Poetry seems a calling for Cochrane, a way of life: ‘To trick himself into facility; this is the writer’s daily task. To ambush himself; to trick or trip himself into … a state of lucid volubility …’ This is the whole of ‘RedEdit#8’. There are twenty-seven RedEdits interspersed throughout RedEdits, the repeated word like a chorus of frogs. At least twenty are quotes from other writers, mostly famous foreigners: they counterpoint the musical composition of the book. ‘RedEdit#12’ – ‘The principal characteristic of our existence is suspense’ (Saul Bellow) – is precisely positioned between ‘Heroics’ and ‘Insomnia’, between lines such as ‘From there and then to here and now – / how many bridges burned?’ and ‘My days are too eventful, demand too much of me, and thus I devote my nights to the scowling micromanagement of nothings.’
The poet expresses himself in fragments interleaved with other writers’ fragments, eschewing the larger picture, the novelistic. He laments (in ‘Service’): ‘I never quite took as a novelist, no. And what I do in the recuperative quiet of my failure is write poems.’ In ‘Cameos’ he re-edits other writers’/artists’ personas and visions into a tiny novelistic world of two pages’ length, in which Donald Barthelme, André Derain, Malcolm Lowry, Anne Carson etcetera strut in a cameo of the poet’s inner/imaginative/dream (take your pick) world.

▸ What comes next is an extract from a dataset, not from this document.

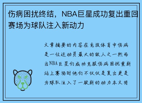 文章摘要的内容:在竞技体育中,伤病是一位运动员最大的敌人之一。然而,当NBA巨星们成功克服伤病困扰,重新站上赛场时,他们不仅仅是复出,更是为球队注入了一股新的动力。本文将从多个角度详细探讨伤病困扰的终...
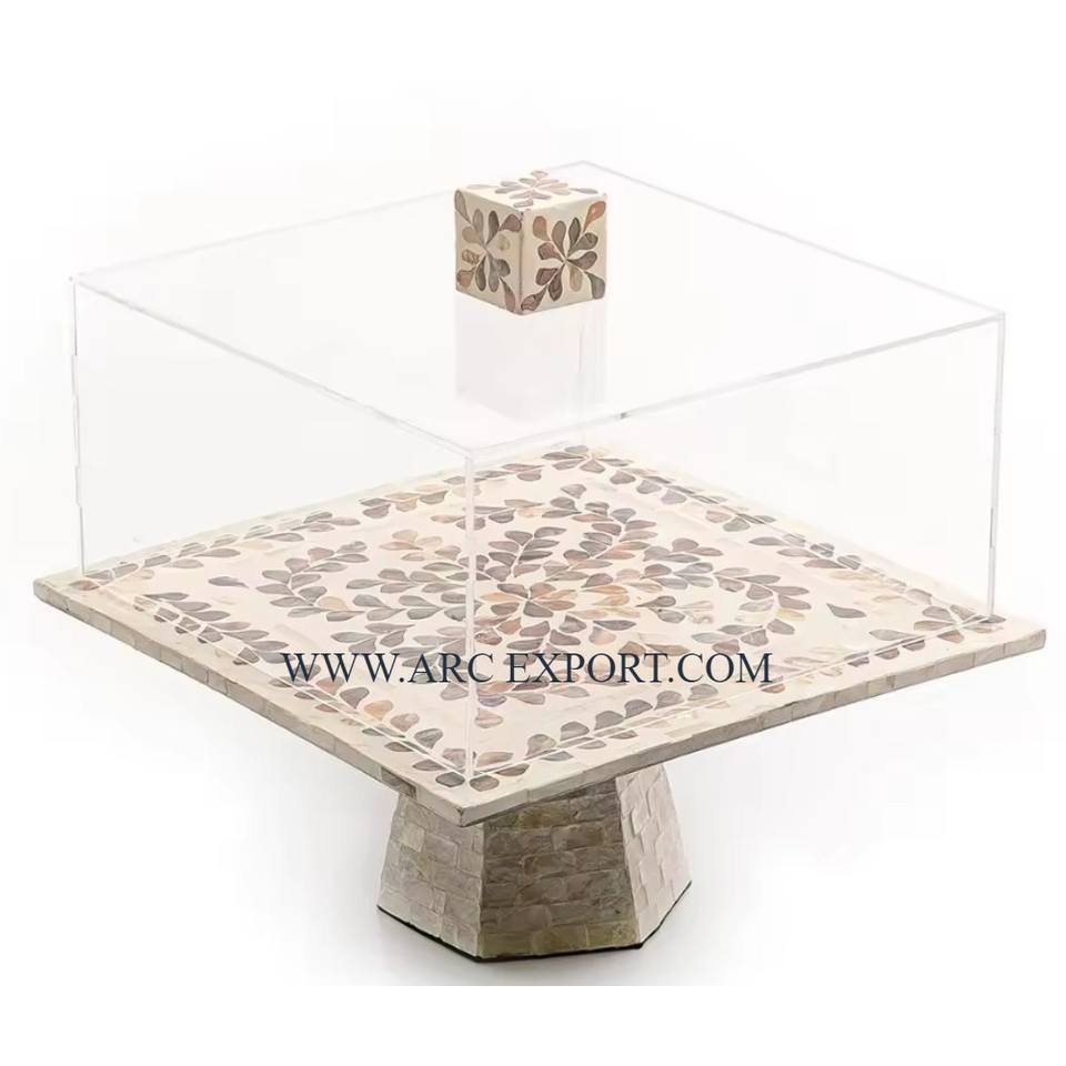 แท่นวางเค้กทำด้วยมือสีเขียวแม่ของโต๊ะทำงานไข่มุกจานเค้กของหวานและเค้กถาดโลหะสำหรับตกแต่ง

The poet’s disenchantment is real: ‘In the absence of God, we don’t know what we are’ (from ‘Lividity’). Sometimes he is nostalgic for the beliefs of his Catholic upbringing, or the solace of alcohol, as we learn in ‘Some thoughts coaxed out of me by Kirsten McDougall’: ‘My history of addiction to alcohol (my very own ‘backstory’) is a gift that just keeps giving.’ Disenchantment rises to a bleak empathy in ‘South of salvation’, a longish ballad-like paean to a junkie known long ago:
While the blue gas burns
and the window’s four black panes
weep or bleed or inkily defrost,
he tinkers and taps,
tinkers and taps.
[…]
he sees a brief, felicitous montage:
Cutlass. Molten lava. Elephant.
Given Cochrane’s attention to the plain facts of the world, it is not surprising that Basho turns up in ‘Bashō redux’ as one of his alter egos on a visit to Blackwater (a slightly skew-whiff place suggestive of the West Coast town of Blackball) to stay a few days in the Grand Hotel, which ‘has had no guests in years’: ‘Bashō ascends to the first floor. / In a room facing the street, / the light of an eternal afternoon, / the light in an Edward Hopper painting’. Details are stated portentously, the mood of the poem deliberately uncertain.
In ‘Oriental sketches’, haiku-like verses are preceded by epigraphs, purporting to be by classic poets like Basho, Li Po and Tu Fu. The epigraphs’ references to plastic, neon and jukebox are either extreme translations or parodies. Are the sages being gently mocked, or absorbed? There is the odd jolt of clarity:
A chlorinated twilight by Magritte. Li Po
The magpies living in the Norfolk pine
Don’t envy me my mug of tea,
My two or three malt biscuits.
The most matter-of-fact lines in RedEdits can echo with extra feeling and meaning. Take the last stanza in the book (from ‘A mild case of the dingbats’), in which some of the echoes are arguably of the catchphrase ‘bee in the bonnet’ and the concept ‘be’:
What sounds like a bee in the cistern.
A big fat bumblebee.
But there is no bee in the cistern.
RedEdits is not the ragbag commonplace book that it initially appears to be. It is the carefully honed work of a poet who is not exercising his ego but seeing through himself.
DENIS HAROLD is a reviewer who lives near Dunedin.